Но в этом возрасте будущее кажется мечтой, созданной чудесными возможностями нашего воображения, ведь жизнь еще не успела научить нас, что ее можно направить в нужное русло при не столь удачных, но часто более разнообразных стечениях обстоятельств. Я не могла представить себе, что мне когда-либо еще представится такой сверхъестественный шанс. Когда он взялся рукой за железную щеколду калитки, я окликнула его и подошла.

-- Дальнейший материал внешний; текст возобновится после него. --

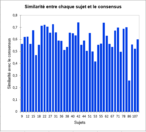 Le graphique suivant donne des indications sur la proximité des sujets et du tableau consensus de la classe dans laquelle ils sont placés. Ces proximités sont représentées par le coefficients de similarité d’Ochiai, qui est un indice de similarité entre 0 et 1. Dans la classe 2, nous pouvons observer que le sujet 86 est bien plus éloigné du consensus que les autres, ce qui signifie qu’il ne se conforme pas bien à la classe. Sa perception est différente des deux classes (puisqu’il a été placé dans la classe qui lui correspond le mieux par l’algorithme). Ce genre de problématique peuvent être résolues par l’ajout de la classe « K+1 » dans l’onglet Options, qui est une classe supplémentaire prévue pour mettre de côté les sujets atypiques. Attention, dans une épreuve CATA, il est très fréquent de mettre de côté une grande partie des sujets avec la classe « K+1 ». Ceci est dû au fait que les sujets donnent des résultats souvent bien différents.
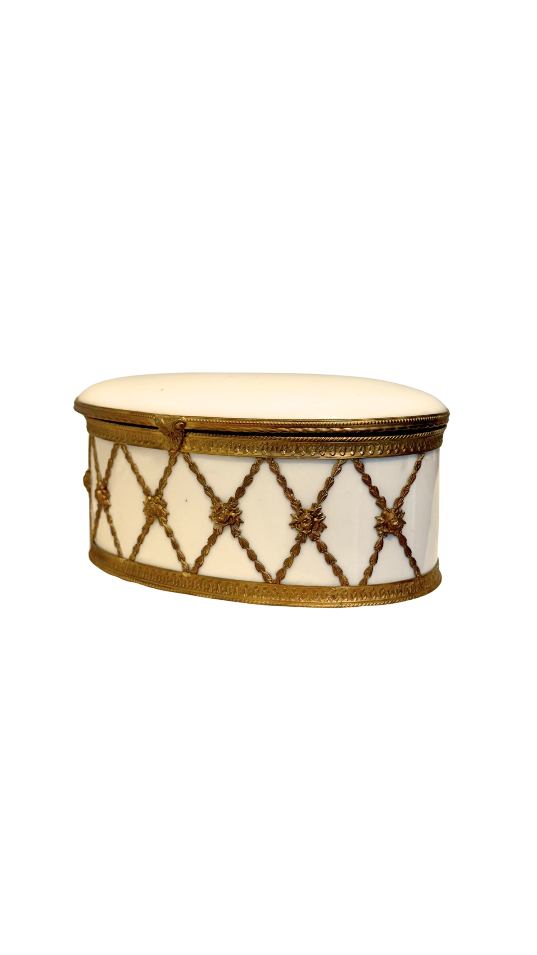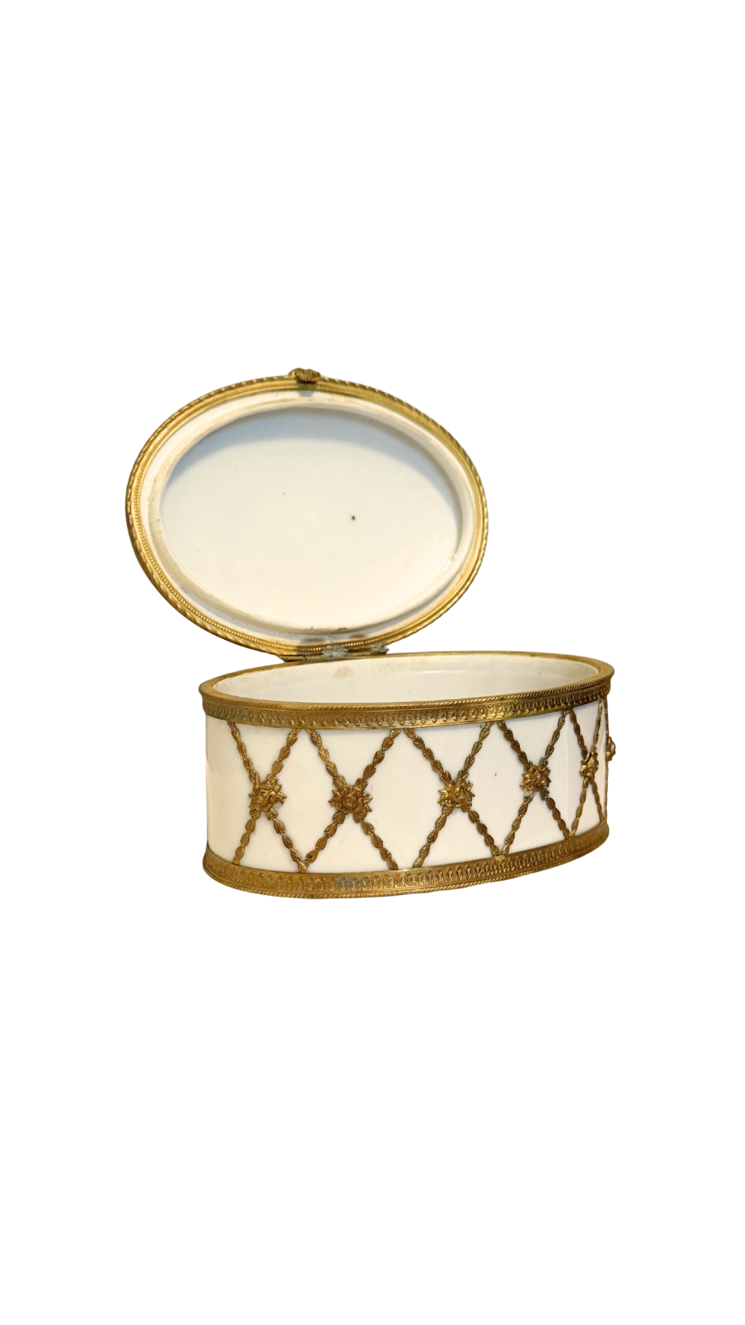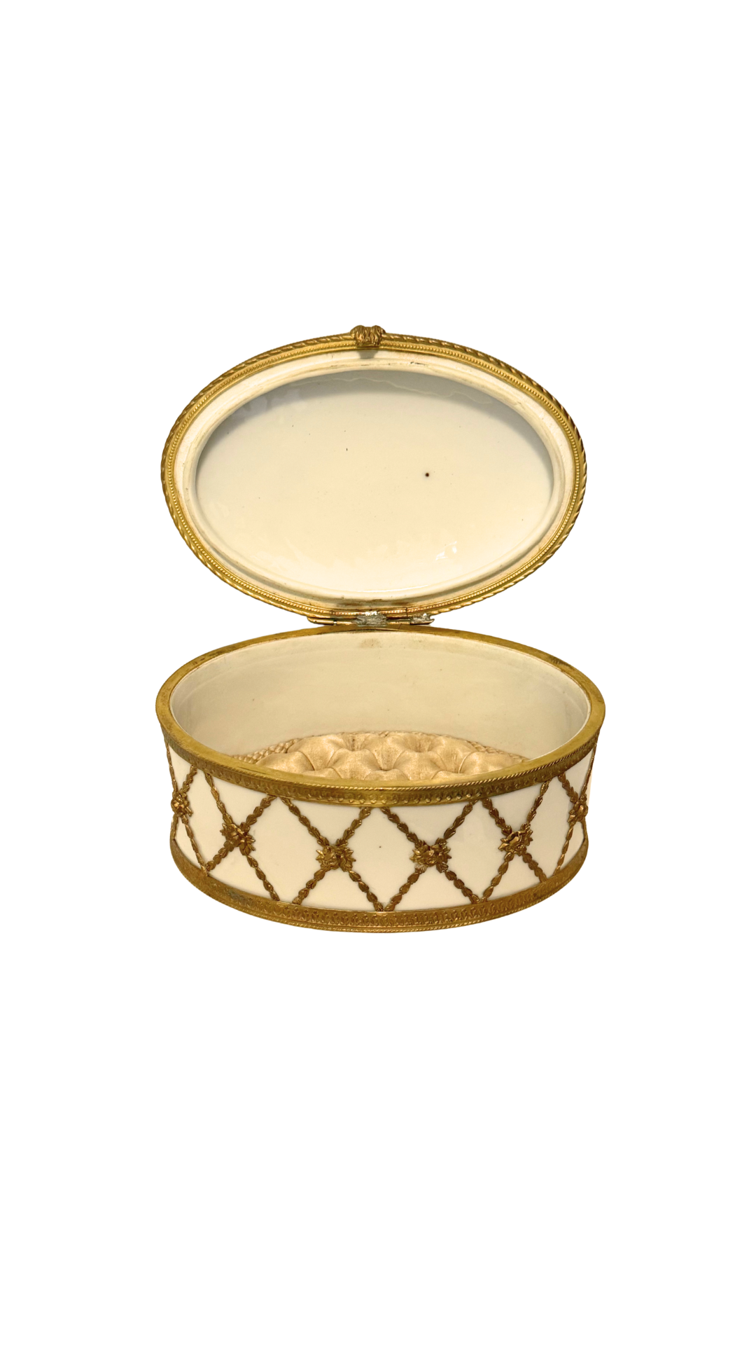 An exquisite oval porcelain jewelry casket, crafted in France and mounted in finely detailed gilt bronze (ormolu). The white porcelain body is adorned with a delicate lattice of gilt rope-twist garlands, each intersection finished with a rosette. The hinged lid opens to reveal the original tufted silk interior, now beautifully mellowed with age. Marked FRANCE with additional stamp Depose on the underside. A refined piece for storing jewelry or as a decorative objet, showcasing the opulence of 19th to early 20th century French craftsmanship.

Все свершилось. Я спросила, смогу ли я снова увидеть его, чтобы дать что-то почитать. Он назначил мне свидание. Он казался внимательным и не выказал ни малейшего удивления. Я приняла это за проявление легкой скуки, как если бы он заранее догадывался о моей выходке и, несмотря на доброжелательное отношение, укорял меня в том, что своей нерешительностью я заставляю его терять время. Я повернулась к подруге, которая тоже не казалась удивленной и не задала ни одного вопроса. Таким образом, за очень короткий отрезок времени ценой интенсивной внутренней борьбы я сумела принять самое важное решение в своей жизни, а окружающие меня люди не выразили при этом никаких эмоций. Прошло ли это незамеченным? А может быть, поскольку всегда говорили, что я стараюсь привлечь к себе внимание, высказывая странные, нелепые мысли, или часто пытаюсь приукрасить события, меня уже тогда зачислили в категорию оригиналов, своего рода промежуточное звено между обычными людьми и творческой средой? Меня очень заинтриговало это отсутствие всякой реакции. Оно заставило меня задуматься о роли, которую я буду играть в обществе и которую пыталась для себя сформулировать, а также об отношении к этому остальных.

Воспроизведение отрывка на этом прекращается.